Background There have been no effective treatments for slowing or reversing Alzheimer’s disease (AD) until now. Growing preclinical evidence, including this study, suggests that mesenchymal stem cells-secreted exosomes (MSCs-Exos) have the potential to cure AD.

Aims The first three-arm, drug-intervention, phase I/II clinical trial was conducted to explore the safety and efficacy of allogenic human adipose MSCs-Exos (ahaMSCs-Exos) in patients with mild to moderate AD.

Methods The eligible subjects were assigned to one of three dosage groups, intranasally administrated with ahaMSCs-Exos two times per week for 12 weeks, and underwent follow-up visits at weeks 16, 24, 36 and 48.

Results No adverse events were reported. In the medium-dose arm, Alzheimer’s Disease Assessment Scale–Cognitive section (ADAS-cog) scores decreased by 2.33 (1.19) and the basic version of Montreal Cognitive Assessment scores increased by 2.38 (0.58) at week 12 compared with baseline levels, indicating improved cognitive function. Moreover, the ADAS-cog scores in the medium-dose arm decreased continuously by 3.98 points until week 36. There were no significant differences in altered amyloid or tau deposition among the three arms, but hippocampal volume shrank less in the medium-dose arm to some extent.

Conclusions Intranasal administration of ahaMSCs-Exos was safe and well tolerated, and a dose of at least 4×108 particles could be selected for further clinical trials.

Trial registration number NCT04388982.

  • Neurocognitive Disorders

Data availability statement

All data relevant to the study are included in the article or uploaded as supplemental information.

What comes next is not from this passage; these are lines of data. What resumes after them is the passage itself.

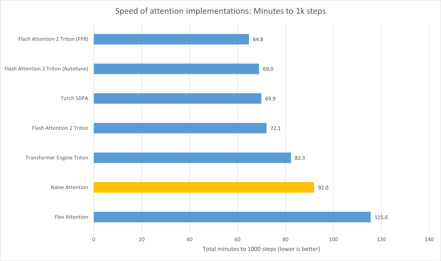 Now, let’s tackle the speed tests: as I’ve said before, all runs are for 1000 steps. Naive attention, for your visual aid, is in yellow.
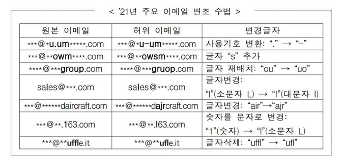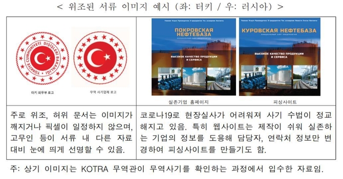 또 ▲ 구매대금 입금영수증, 수표 등을 위조해 입금 완료했다고 속여 제품을 편취한 '서류위조' ▲ 계약 체결한 수출기업과 연락이 두절돼 상품을 못 받거나 수출기업이 의도적으로 선적을 거부하는 '선적불량' ▲ 무역 당사자 간 이메일을 탈취해 결제 대금을 가로채는 '이메일사기' 등의 유형도 있다.
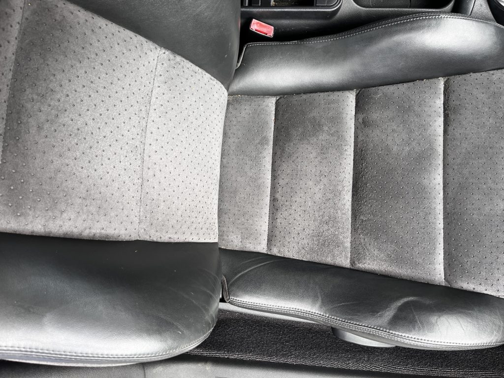 Die Sitzflächen, Sitzwangen sind in sehr gutem Zustand, Lenkrad und auch die Tasten des Radios – ein bekannter Fehler – sind in Ordnung.
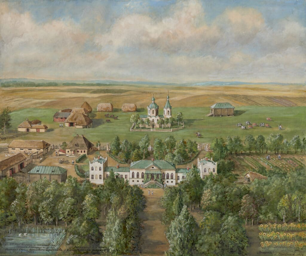 « В XIX веке владение и семейный дом Евгения А. Лансере и за ним поместие Бориса Анатольевича Серебрякова с 1900 г. Разрушено в 1920 году. Востановлено по документу 1978 г.» [« Au XIX siècle propriété et maison familiale d’Eugène A. Lanceray, et à côté, la maison de Boris Anatolievitch Sérébriakoff de 1900. Détruit en 1920. Fait de mémoire d’après un document. 1978. »]
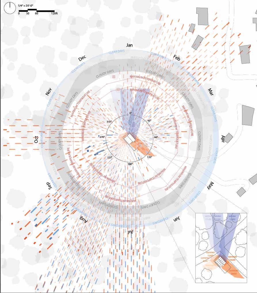 Sited amidst the Scandinavian forests of Trondheim, Norway, the proposed yoga studio experiences severe winters, cool summers, and no dry season. We were tasked with designing a building that could use many passive methods of heating and cooling along with standard mechanical systems. Colorcoded experimental models and drawings were completed to show temperature, wind direction, and sun exposure of this timber structure. Employing these systems taught me how passive methods can work together or against each other to produce a certain climatic result.
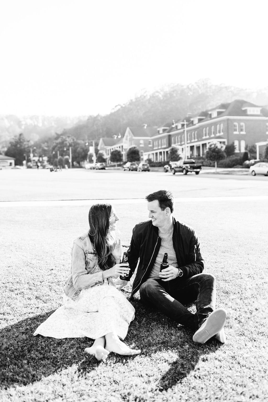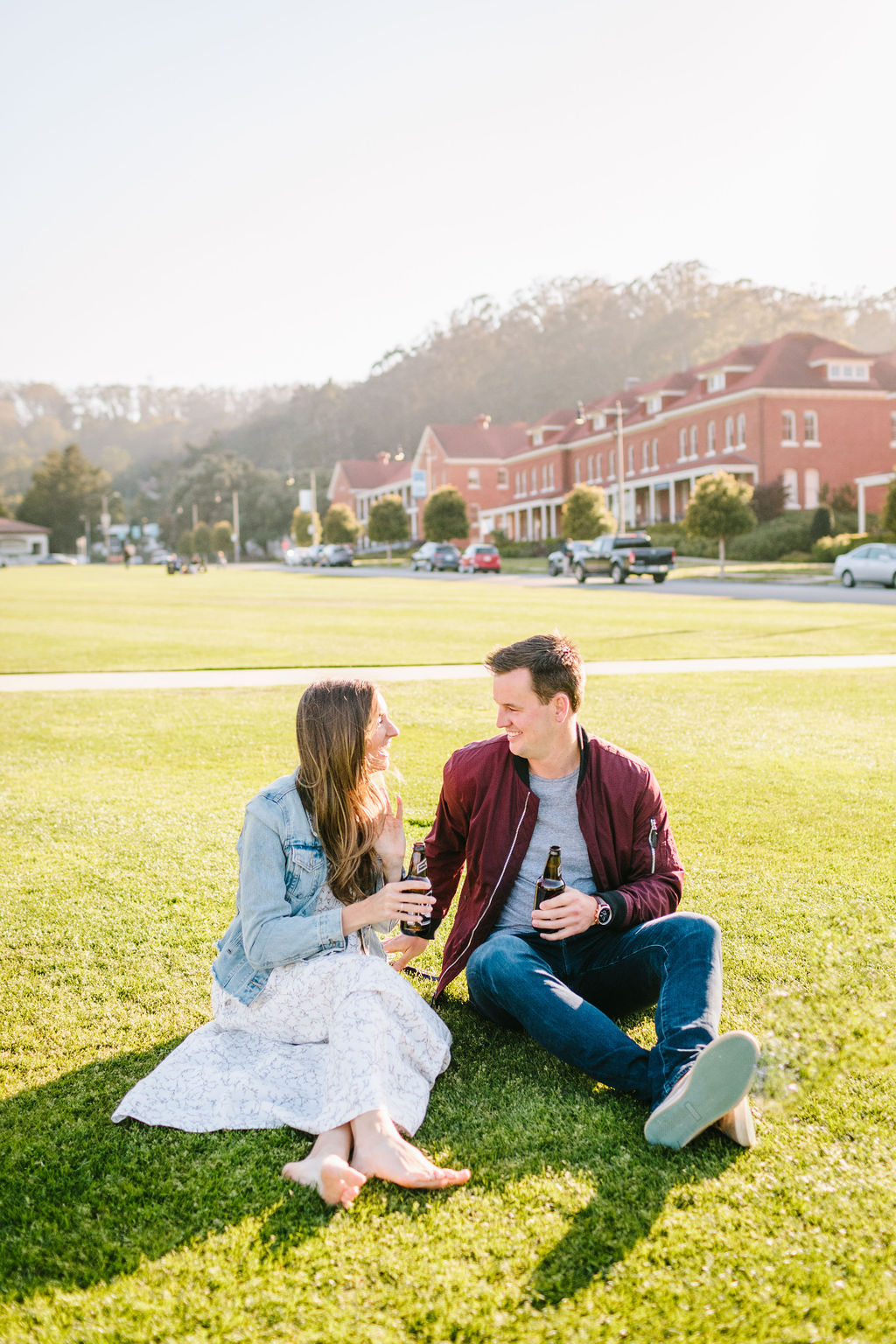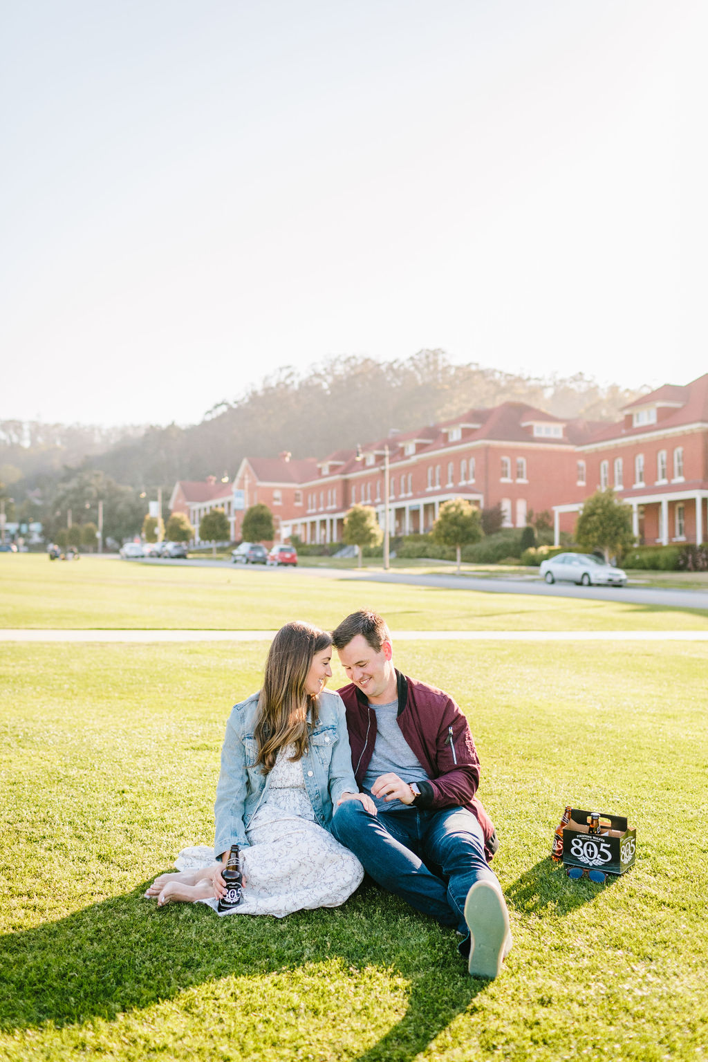Our session began at Presidio Park, a location rich in history and natural beauty. This park is where Brad popped the question to Kate, making it the perfect setting for the start of our shoot. They brought their favorite beers and had a casual picnic which embodied their relationship —intimate, warm, and effortlessly chic.
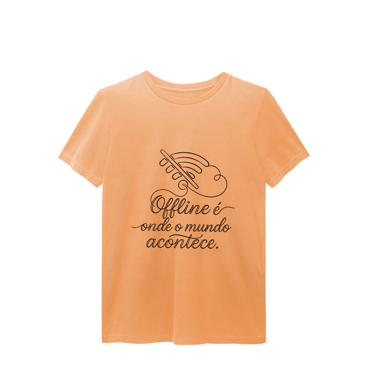 OFFLINE É ONDE O MUNDO ACONTECE reforça que as experiências que realmente constroem não dependem de tela, registro ou validação. Uma estampa que convida a viver com mais presença e menos mediação digital.

http://creativecommons.org/licenses/by-nc/4.0/

This is an open access article distributed in accordance with the Creative Commons Attribution Non Commercial (CC BY-NC 4.0) license, which permits others to distribute, remix, adapt, build upon this work non-commercially, and license their derivative works on different terms, provided the original work is properly cited, appropriate credit is given, any changes made indicated, and the use is non-commercial. See: http://creativecommons.org/licenses/by-nc/4.0/.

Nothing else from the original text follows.